Raw data:

*** Block opens ***

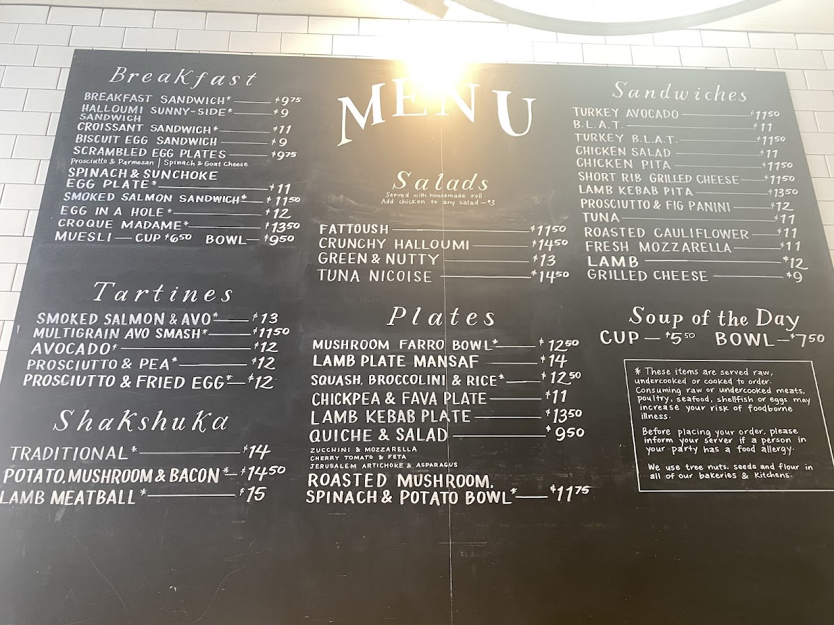 Two fried eggs nestled in a housemade sesame Jerusalem bagel, served with chopped salad. (690 cal, Contains: Wheat, Milk, Egg, Sesame)
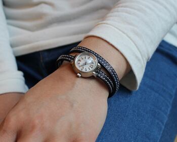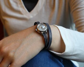 ベルトは幅7ミリの細めの革にステッチを入れ、2重巻きに仕上げました。
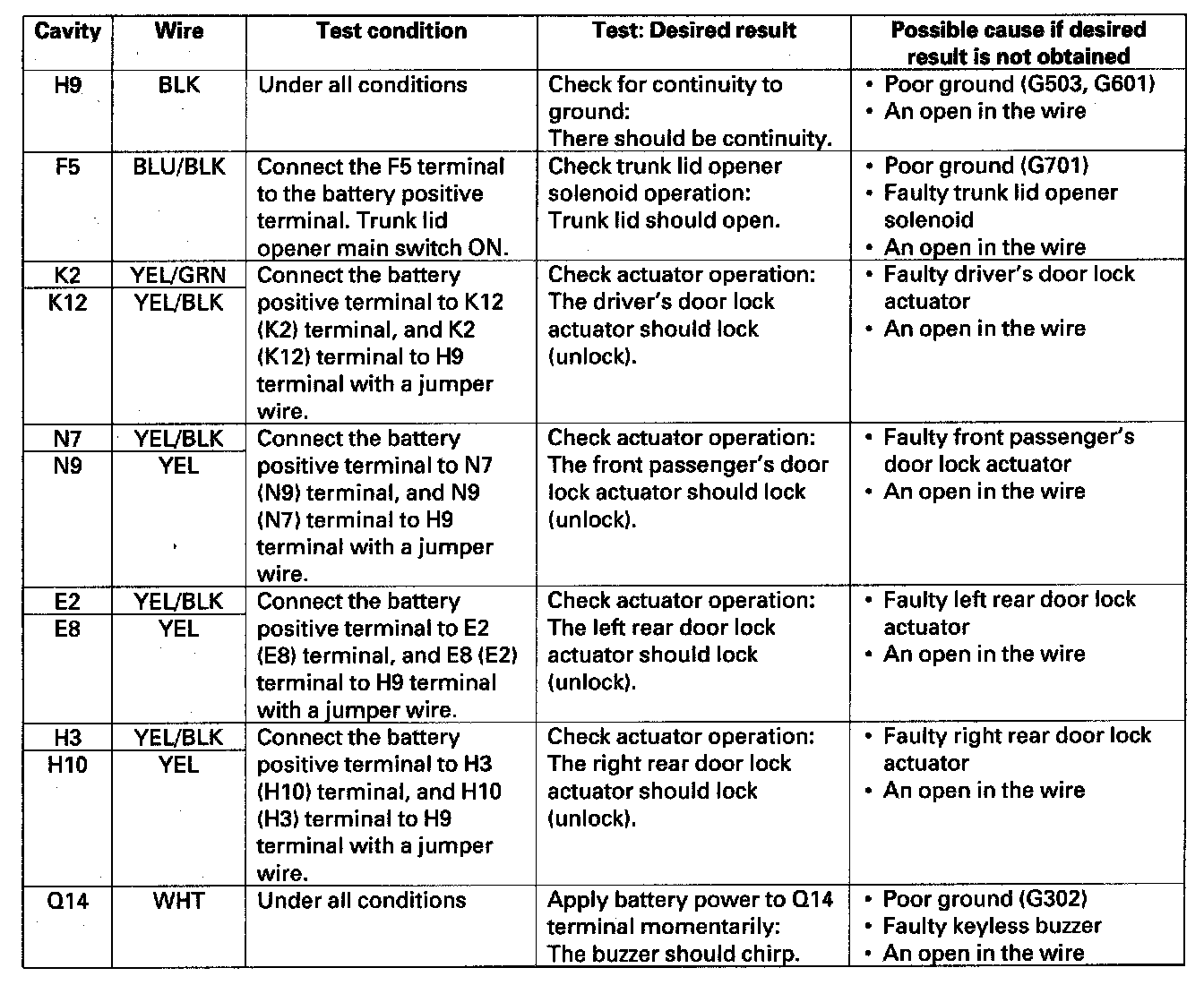 NOTE: Before testing the keyless entry/security control system, troubleshoot the multiplex integrated control system.

*** Block closes ***

All lines from the one holding "ベルトは幅7ミリの細めの革にステッチを入れ、2重巻きに仕上げました。" to the end of the listing above need to be duplicated exactly. None of the pictures should be included.

 ベルトは幅7ミリの細めの革にステッチを入れ、2重巻きに仕上げました。
 NOTE: Before testing the keyless entry/security control system, troubleshoot the multiplex integrated control system.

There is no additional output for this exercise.